# WORK INSTRUCTION
Transcribe the entries below exactly, starting with the line that has "What could possibly" and stopping after the line that has "Demographics of the"; no pictures belong in the copy.

# THE DATA
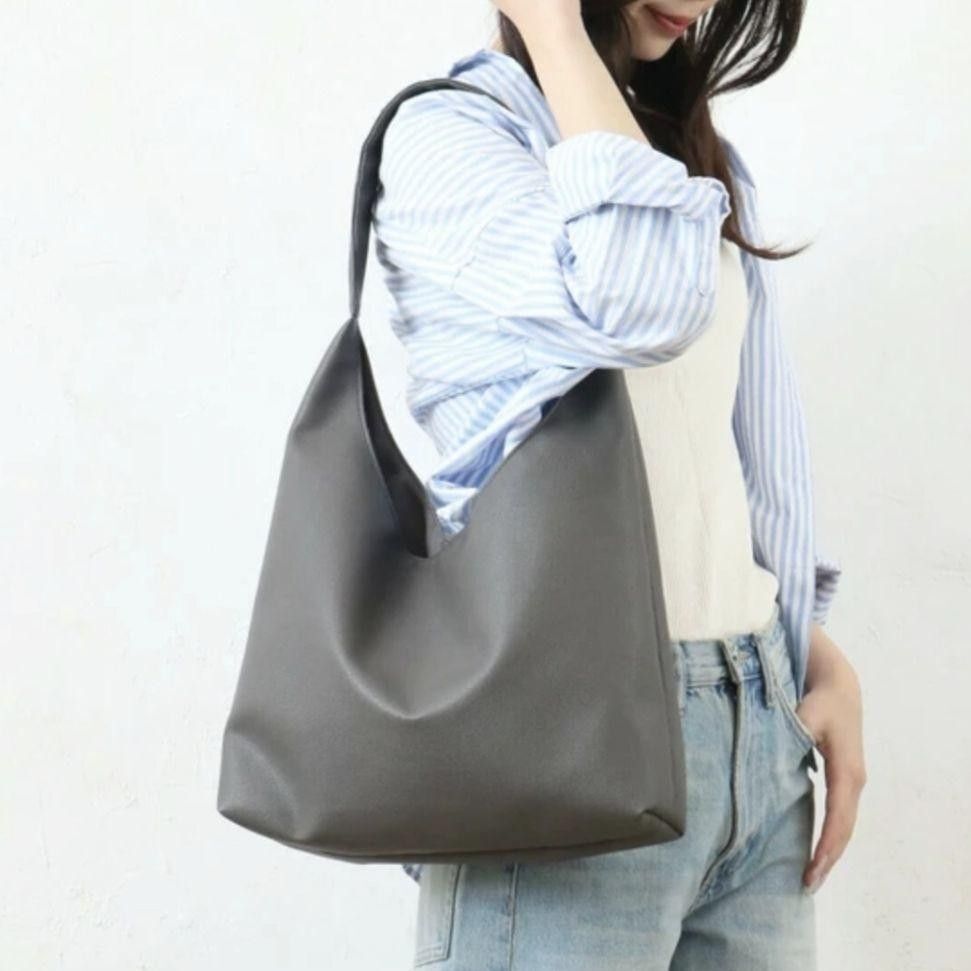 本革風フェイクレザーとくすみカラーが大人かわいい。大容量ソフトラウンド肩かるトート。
--
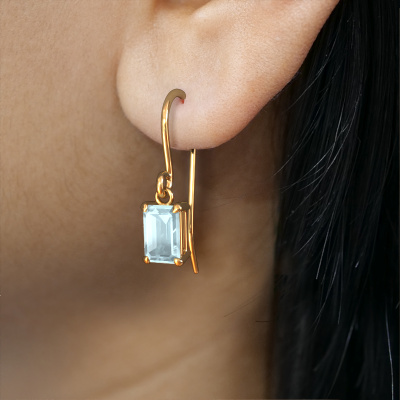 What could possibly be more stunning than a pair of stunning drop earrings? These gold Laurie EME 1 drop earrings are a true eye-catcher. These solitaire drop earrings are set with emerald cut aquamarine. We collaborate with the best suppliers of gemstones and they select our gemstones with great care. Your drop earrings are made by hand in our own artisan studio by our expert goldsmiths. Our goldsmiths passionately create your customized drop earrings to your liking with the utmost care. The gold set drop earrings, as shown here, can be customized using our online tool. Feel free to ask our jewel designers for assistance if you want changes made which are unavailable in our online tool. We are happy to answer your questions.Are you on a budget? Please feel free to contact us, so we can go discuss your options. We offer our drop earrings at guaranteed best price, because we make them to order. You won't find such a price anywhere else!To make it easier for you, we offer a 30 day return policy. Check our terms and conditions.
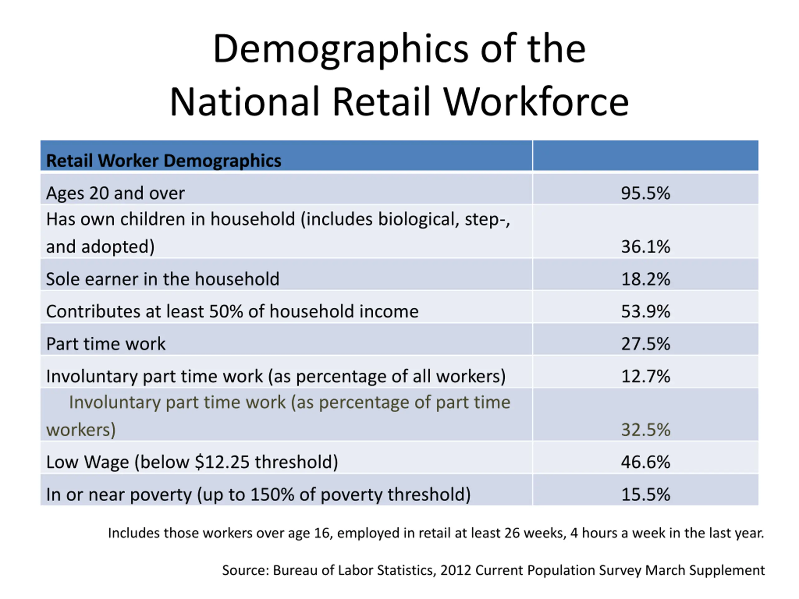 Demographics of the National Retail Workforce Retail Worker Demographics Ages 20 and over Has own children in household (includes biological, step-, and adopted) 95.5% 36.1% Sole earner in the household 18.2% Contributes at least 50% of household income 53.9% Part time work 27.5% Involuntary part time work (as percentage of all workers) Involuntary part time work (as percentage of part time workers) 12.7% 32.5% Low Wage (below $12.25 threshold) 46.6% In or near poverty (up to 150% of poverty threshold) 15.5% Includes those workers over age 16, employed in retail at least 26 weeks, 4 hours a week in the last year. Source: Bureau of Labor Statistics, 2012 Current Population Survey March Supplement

# WRITTEN REPLY
 What could possibly be more stunning than a pair of stunning drop earrings? These gold Laurie EME 1 drop earrings are a true eye-catcher. These solitaire drop earrings are set with emerald cut aquamarine. We collaborate with the best suppliers of gemstones and they select our gemstones with great care. Your drop earrings are made by hand in our own artisan studio by our expert goldsmiths. Our goldsmiths passionately create your customized drop earrings to your liking with the utmost care. The gold set drop earrings, as shown here, can be customized using our online tool. Feel free to ask our jewel designers for assistance if you want changes made which are unavailable in our online tool. We are happy to answer your questions.Are you on a budget? Please feel free to contact us, so we can go discuss your options. We offer our drop earrings at guaranteed best price, because we make them to order. You won't find such a price anywhere else!To make it easier for you, we offer a 30 day return policy. Check our terms and conditions.
 Demographics of the National Retail Workforce Retail Worker Demographics Ages 20 and over Has own children in household (includes biological, step-, and adopted) 95.5% 36.1% Sole earner in the household 18.2% Contributes at least 50% of household income 53.9% Part time work 27.5% Involuntary part time work (as percentage of all workers) Involuntary part time work (as percentage of part time workers) 12.7% 32.5% Low Wage (below $12.25 threshold) 46.6% In or near poverty (up to 150% of poverty threshold) 15.5% Includes those workers over age 16, employed in retail at least 26 weeks, 4 hours a week in the last year. Source: Bureau of Labor Statistics, 2012 Current Population Survey March Supplement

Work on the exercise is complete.